Visie 3: Vooroordelen ontstaan door een socialisatieproces
Vooroordelen ontstaan door een
socialisatieproces. Van jongs af aan zouden kinderen al verschillende omstandigheden meemaken die bepaalde opvattingen met zich meebrengen. Dit kunnen sociale, economische of politieke omstandigheden zijn. In de loop van het leven van een kind leert het onderscheid te maken tussen verschillende groepen, en hierbij leert het ook dat de leden van de andere groep verschillende opvattingen hebben over verschillende dingen.

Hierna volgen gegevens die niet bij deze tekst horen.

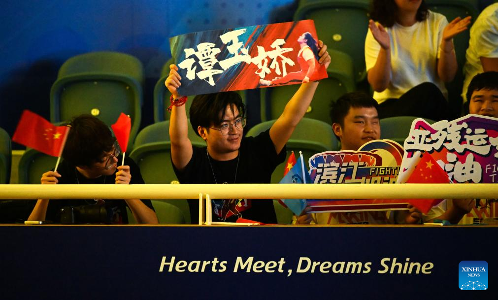 Supporters cheer for Tan Yujiao of China during the Women's 67kg Final of the Powerlifting at the 4th Asian Para Games in Hangzhou, east China's Zhejiang Province, Oct. 26, 2023. (Xinhua/Bei He)

Bron: Perrygrone, Unsplash Een voorbeeld van een invloed in het socialisatieproces: er is een onderzoek naar het onderwijs gedaan, waaruit is gebleken dat schoolboeken een bijdrage leveren aan het ontstaan en verspreiden van vooroordelen richting andere bevolkingsgroepen. Het onderzoek liet dus zien dat er redelijk veel 'gekleurde' informatie is over etnische groepen in schoolboeken.
Visie 4: Vooroordelen ontstaan door het groepsgedrag van de mens
Bij deze opvatting wordt de oorzaak gezocht in het verschil dat wordt waargenomen tussen de ene groep en de andere groep. Het 'groeperen' van mensen wordt ook wel
sociale categorisering genoemd. Mensen verdelen zichzelf in groepen. En wat elk lid van de groep wil is positief gewaardeerd worden. De eigen groep wordt dus het positiefst gewaardeerd. Wanneer er in een andere groep iets negatiefs gebeurt (veroorzaakt door een groepslid), wordt dit toegeschreven als een persoonlijkheidskenmerk. Dat persoonlijkheidskenmerk wordt vervolgens gezien als een eigenschap van de hele groep. Dit in tegenstelling tot wanneer er iets gebeurt in een groep dat negatief is. Het negatieve wordt dan gezien als iets dat toevallig gebeurd is: dus door omstandigheden.